The period after the was characterized a major resurgence of SMEs throughout the developed world with countries including Russia and Eastern Europe developing small business be the backbone of their economies through the provision of services and products. Accordingly, SMEs have been at the heart of Africa’s growth for the last 3 decades or so (Kauffman, 2006).
In context of Uganda, SMEs are considered to be the leading growing sectors in the country (Hatega, 2007). It should be noted that, SMEs in the economic development of Uganda cannot be overstated. SMEs contribute significantly to job creation, income generation, and poverty reduction (Uganda Investment Authority, 2020). Despite their positive role to the Development of Uganda, SMEs have in history faced various obstacles that restrict their performance and long term survival, and tax administration stands tall among them.
Taxation in Uganda has evolved over the years, with the government implementing several reforms to enhance revenue collection and promote economic growth. According to the tax system in Uganda, SMEs constitute a substantial portion of the business landscape in Kampala which is the Uganda’s capital city that faces unique challenges related to tax compliance and administration (Bwire, 2015). While tax policies and regulations are designed to provide incentives and support for SMEs, the extent to which these policies are effective remains a subject of debate (Kariisa & Sejjaaka, 2015). The government has introduced tax incentives and exemptions to encourage SME growth, but SMEs continue to grapple with high compliance costs, often diverting resources away from their core operations
Today, the informal sector in Uganda where a significant number of SMEs operate poses a challenge to tax authorities (Fjeldstad & Heggstad, 2012). Many SMEs choose to remain informal to avoid the complexities and costs associated with formal tax compliance, impacting both revenue collection and SME access to government support programs (Bwire, 2015).
1.2.2 Theoretical background
The study will be underpinned by the Balanced Score Card (BSC) model by Kaplan and Norton (1992). The BSC model enables organizations like SMEs to measure their business performances consindering financial perspectives and non-financial perspectives. The BSC model addresses an organization’s strategic plan, looking at the Mission and Vision. The model is to the effect, that organizational performance happens when management deliberately strikes a balance in providing a scientific analysis of the performance in response to customers’ needs, exploring financial strategies and procedures, properly harnessing internal processes to meet vision and strategy of firm, and enhancement of organizational capacity through innovation, proper resource management, and good relations with stakeholders (Albright et al., 2015). Accordingly, the BSC model will guide and manage the feedback which will again help the learning processes to determine the target figures. While the financial perspective will market the organisation to the shareholders and financial bankers. This is will be determined by the quantitative benchmark based on previous data.
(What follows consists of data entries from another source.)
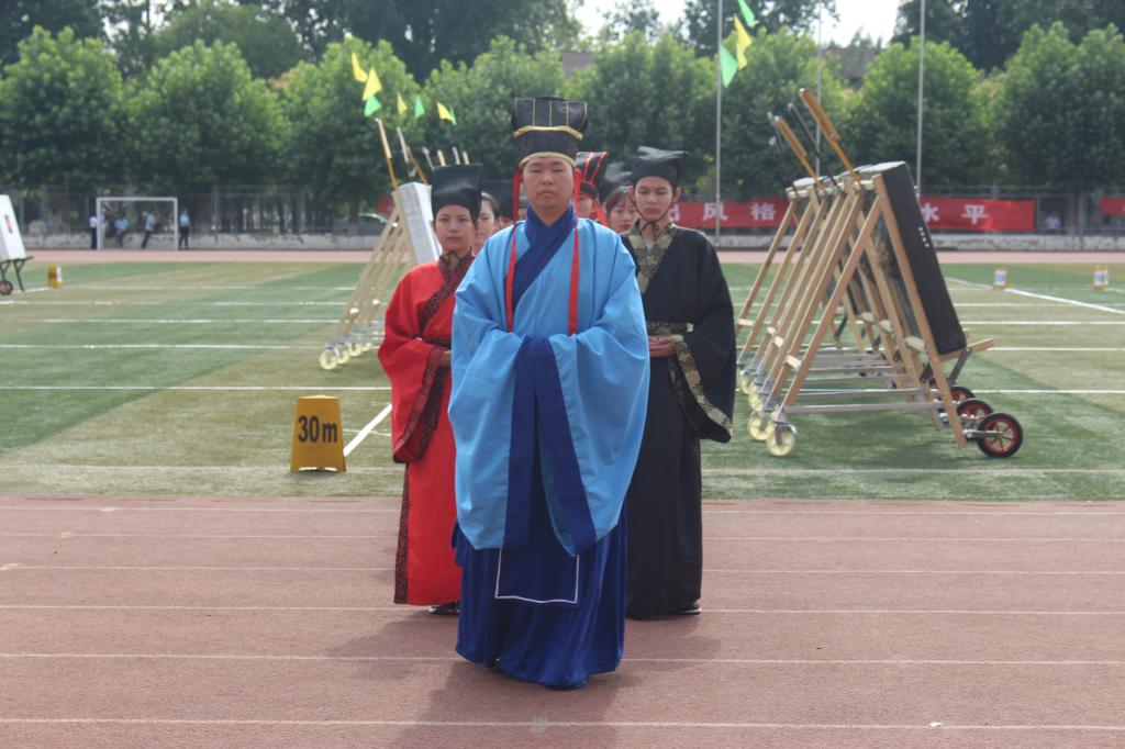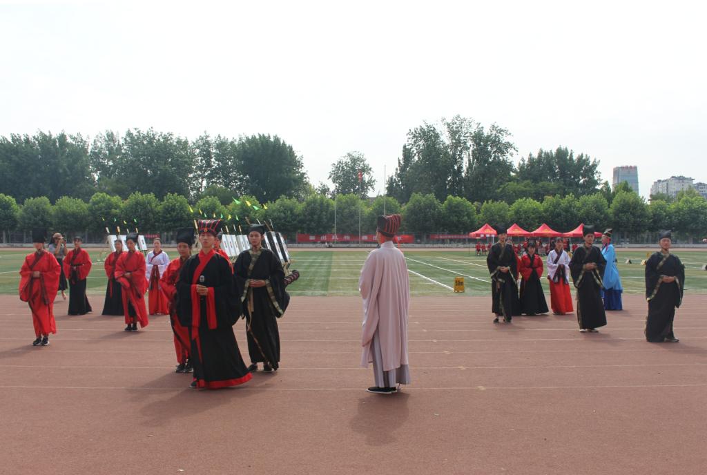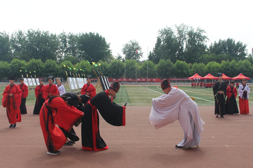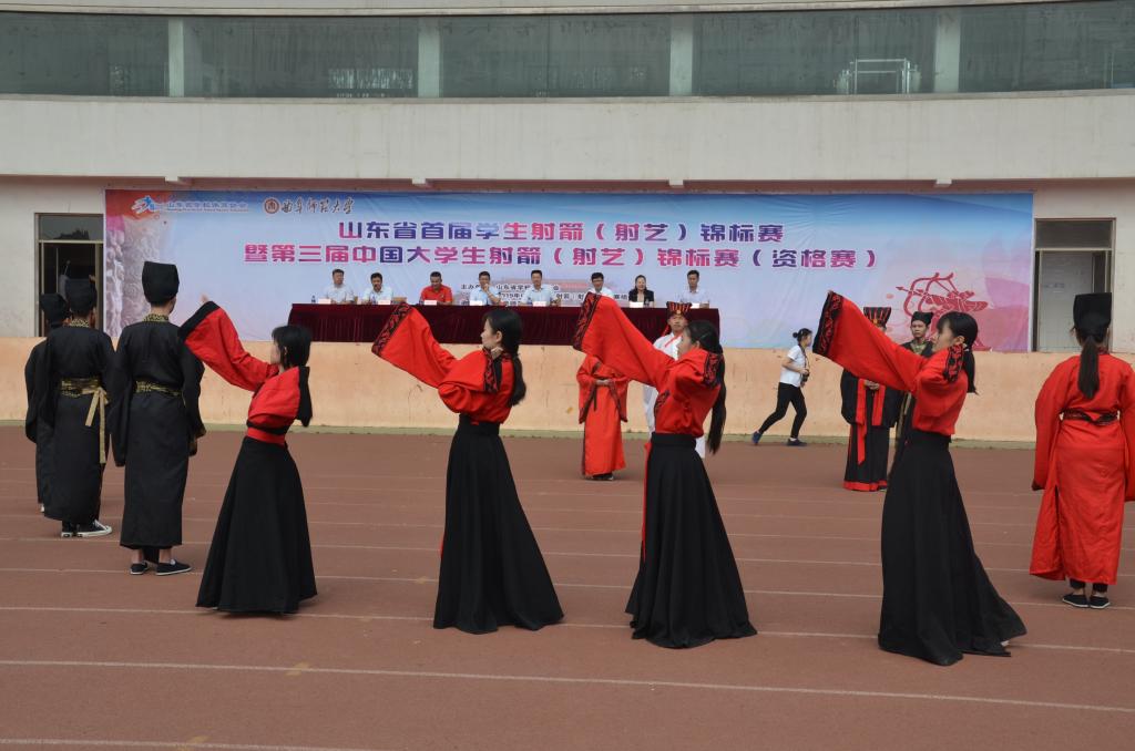6月22日上午,大乐透 传统礼仪队在南操场为第三届中国大学生射箭(射艺)资格赛暨山东省首届学生射箭(射艺)邀请赛举行迎宾礼开场展演。
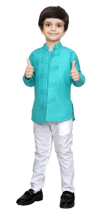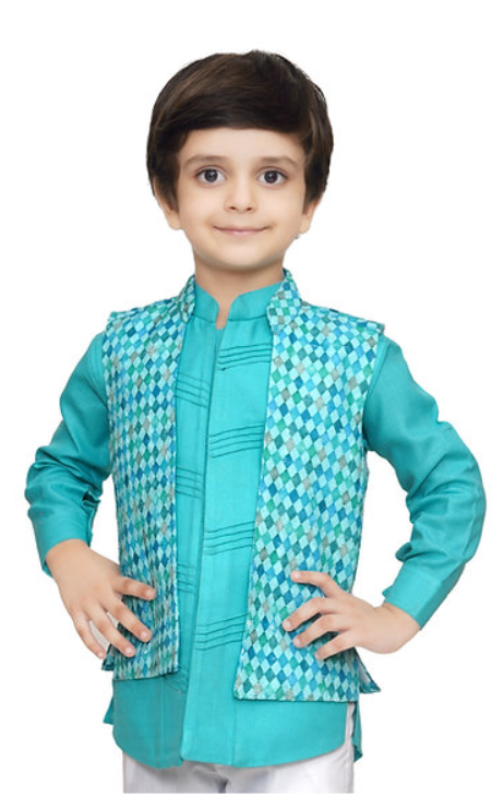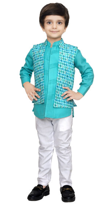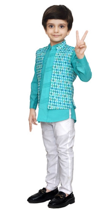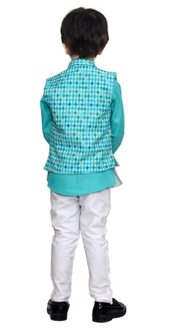 A bright turquoise kurta paired with a diamond-patterned Nehru jacket, this vibrant set brings the perfect mix of playful energy and festive flair for your little one’s special moments.
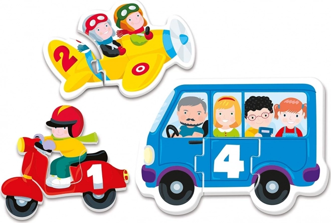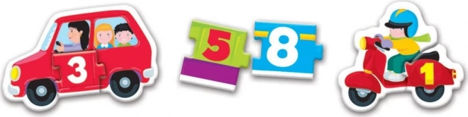 Deze kleurrijke puzzelset is ideaal voor het eerste leren van cijfers. Kinderen tellen eerst de passagiers in leuke vervoermiddelen en koppelen vervolgens het juiste cijferstukje. Intuïtief contour-matchen helpt kinderen snel de relatie tussen hoeveelheid en cijfer te begrijpen.
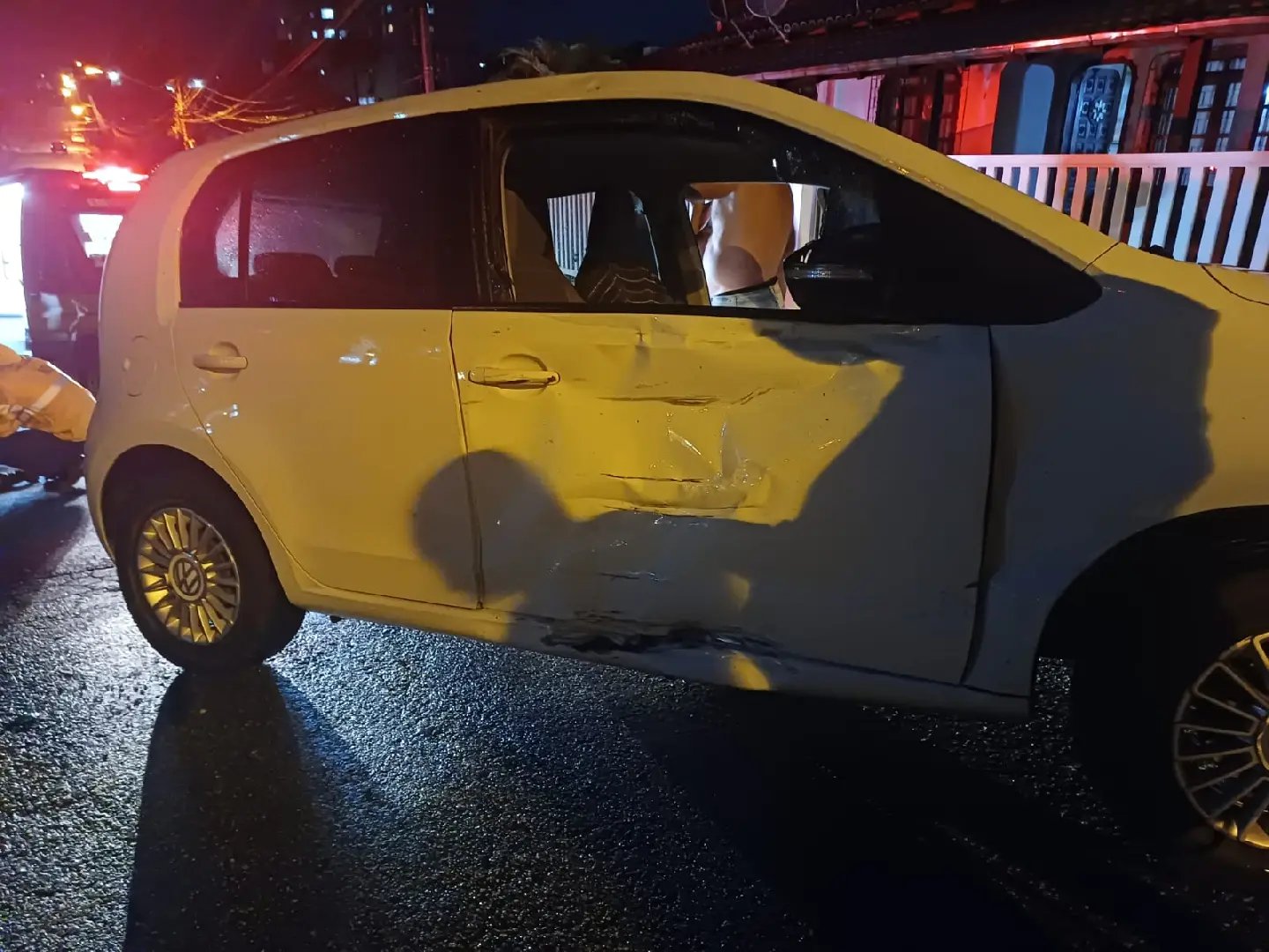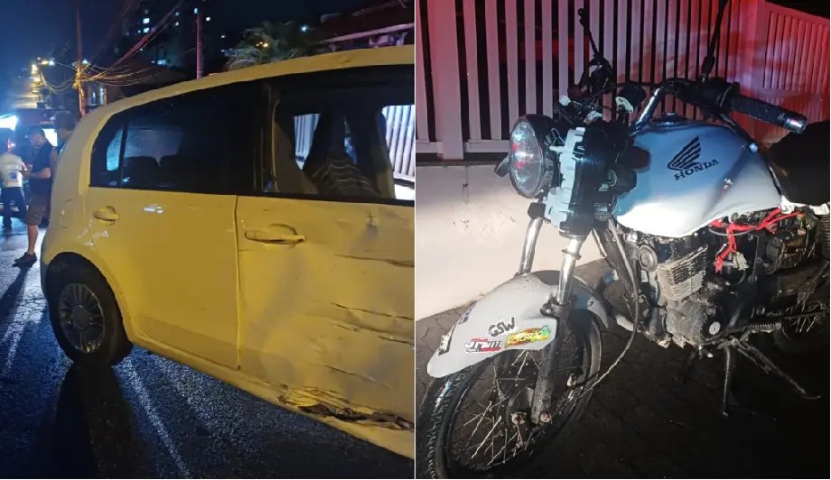 O acidente foi do tipo lateral e envolveu um VW Up e uma motocicleta CG. Com o impacto, o carro teve a porta amassada e o vidro do passageiro quebrado.
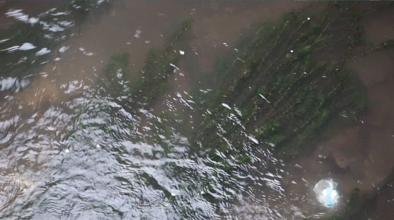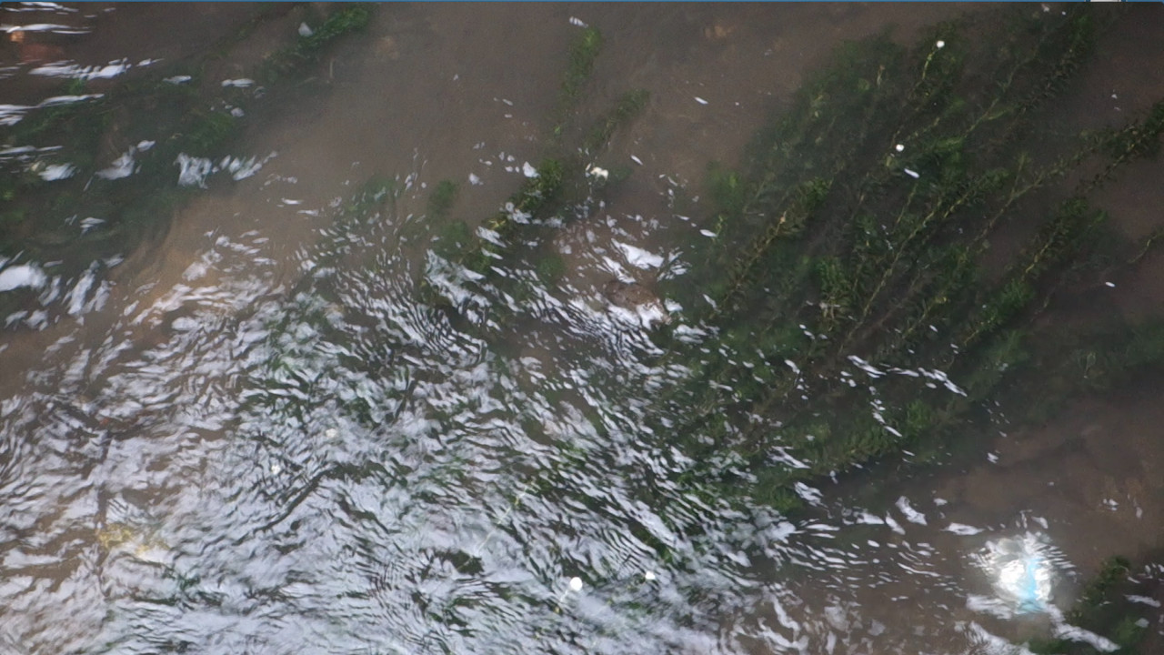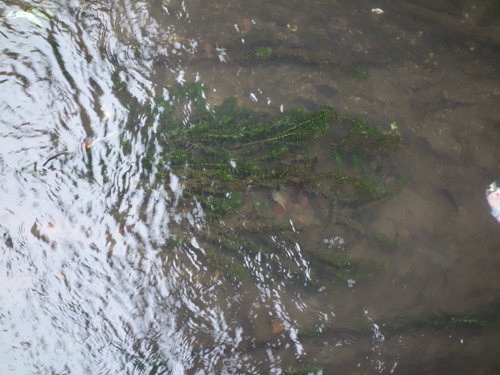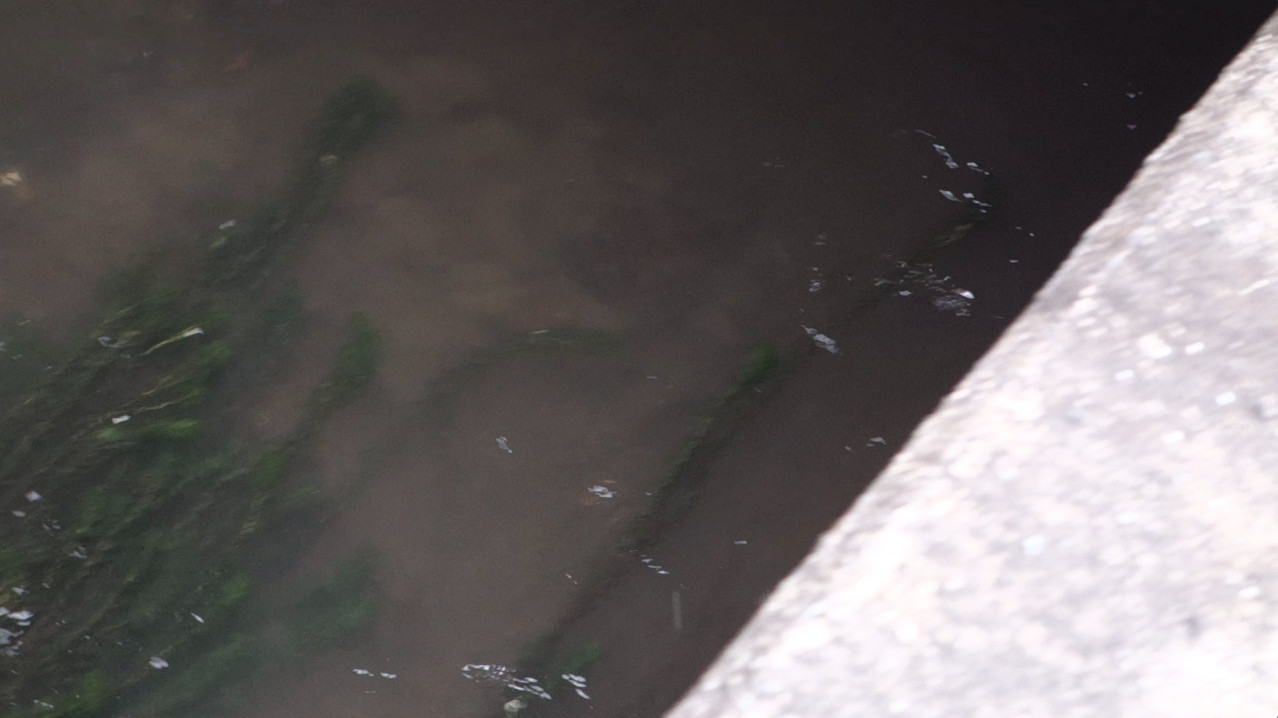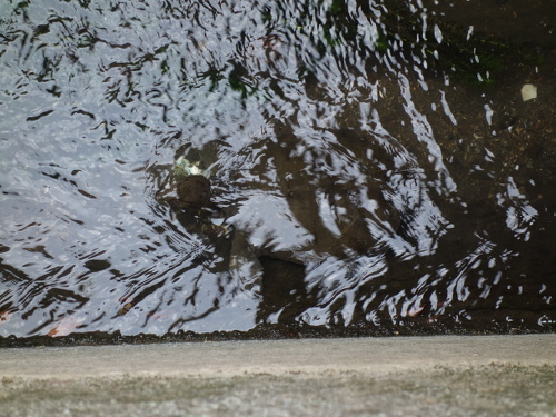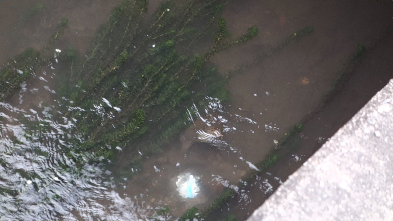 橋の下から出てきて、水草の下に隠れるところです。↓
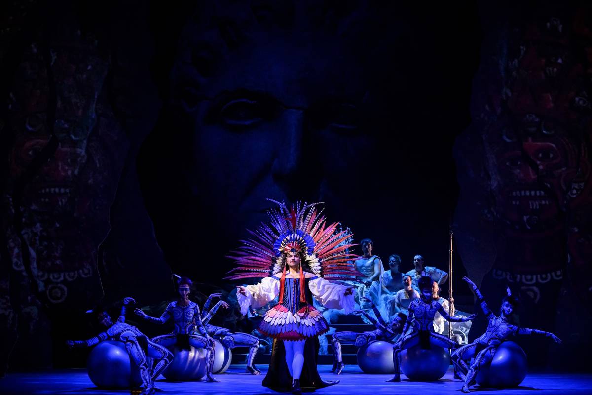 Na fotografii z nové inscenace opery Dido a Aeneas, kterou lze vidět ve Stavovském divadle, jsou Markéta Cukrová jako Dido a Lukáš Bařák coby Aeneas.
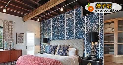 在卧室内设一立板,上面绘制一些装饰图案,安装在床头的位置,木板制成的床头背景墙将室分别划分为卧室和小书房。
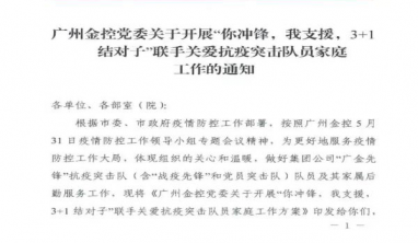 “你们在前线抗疫冲锋,我们来为你们照顾家庭,解除你们的后顾之忧!” 广州金控集团积极响应广州市国资委《关于全力以赴打...
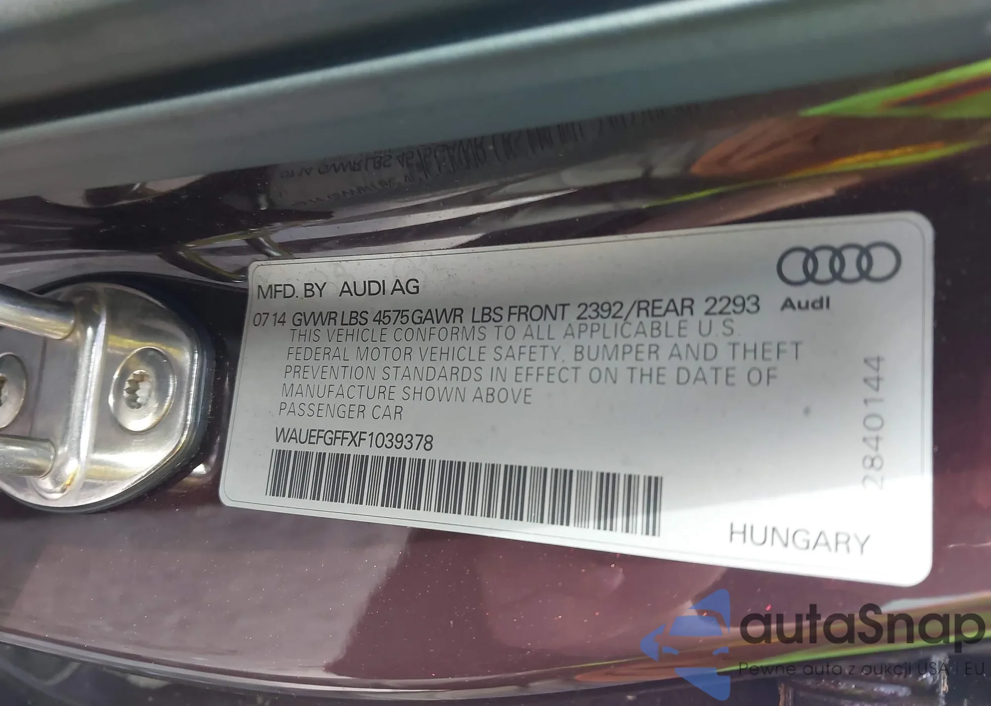 LOT: 40862412 VIN: WAUEFGFFXF1039378
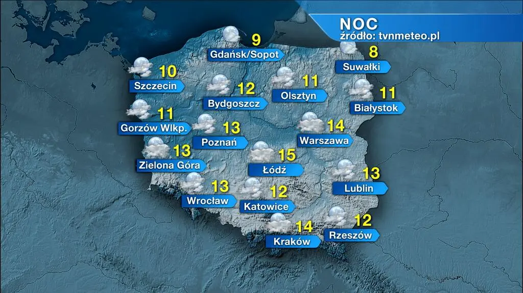 W nocy w całym kraju wystąpi małe i umiarkowane zachmurzenie, a lokalnie mogą snuć się mgły. Termometry wskażą od 8 stopni Celsjusza w północno-wschodniej Polsce do 15 st. C w centrum kraju. Powieje słaby wiatr z południowego wschodu.
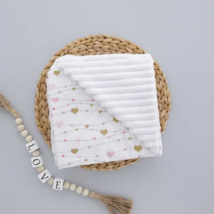Плед плюш, без утеплення Сердечка Рожевий -Золото (гліттер) /Білий плюш 100/80
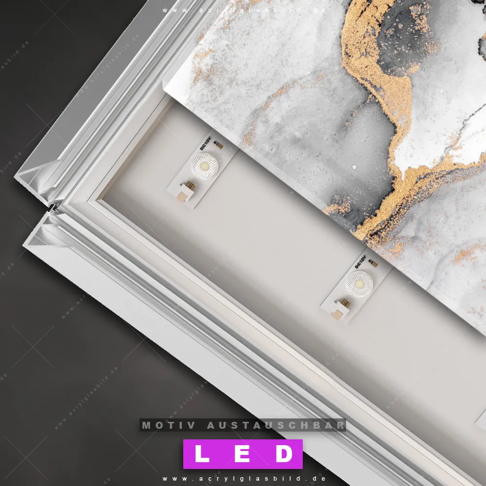 Also, worauf wartest du noch? Gib mit einem beleuchteten Wandbild mit wechselbarer Acrylglas-Scheibe deinen Wänden das gewisse Etwas und bestelle jetzt das LED Acrylglasbild Canvalight® DIA Fluid Painting edel – dein Zuhause wird es dir danken und deine Freunde werden dank der wechselbaren Motive erblassen!
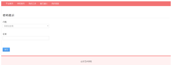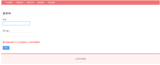 用户首次登录本平台,为安全起见,会要求用户修改默认密码,并设置密码提示问题,如图所示。输入两次密码,建议密码长度不少于8位且包含大小写字母和数字,点击保存按钮后即可修改密码。

The theory will guide to understand, describe and predict performance of SMEs from the four perspectives. The BSC model will help SMEs to framework and build a communicating Strategy, which will allow SMEs to easily improve and communicate the best strategy to their stakeholders.
1.2.3. The Conceptual Perspective
The conceptual perspective of this study revolves around tax administration and performance of SMEs in Kampala Capital City Authority.
Tax administration is a concept made up of two concepts, tax and administration. From a general perspective, citizens have a civic and patriotic responsibility to pay taxes to the government that are used to finance the delivery of socio-economic services and amenities and a for the well-being of the society. Tax can accordingly be defined as a form of levy that is imposed and paid by all legible citizens and non-citizens resident within a defined tax jurisdiction (Ogbonna & Ebimobowei). The above definition implies that tax is a levy on, it is compulsory in nature and, subject to the jurisdiction of that government. The typologies of tax vary depending to country and level of government. The study will adopt the definition by Kasumba and Awori (2018) that tax administration refers to the execution of the core activities for collecting taxes within a tax jurisdiction that are imposed by law.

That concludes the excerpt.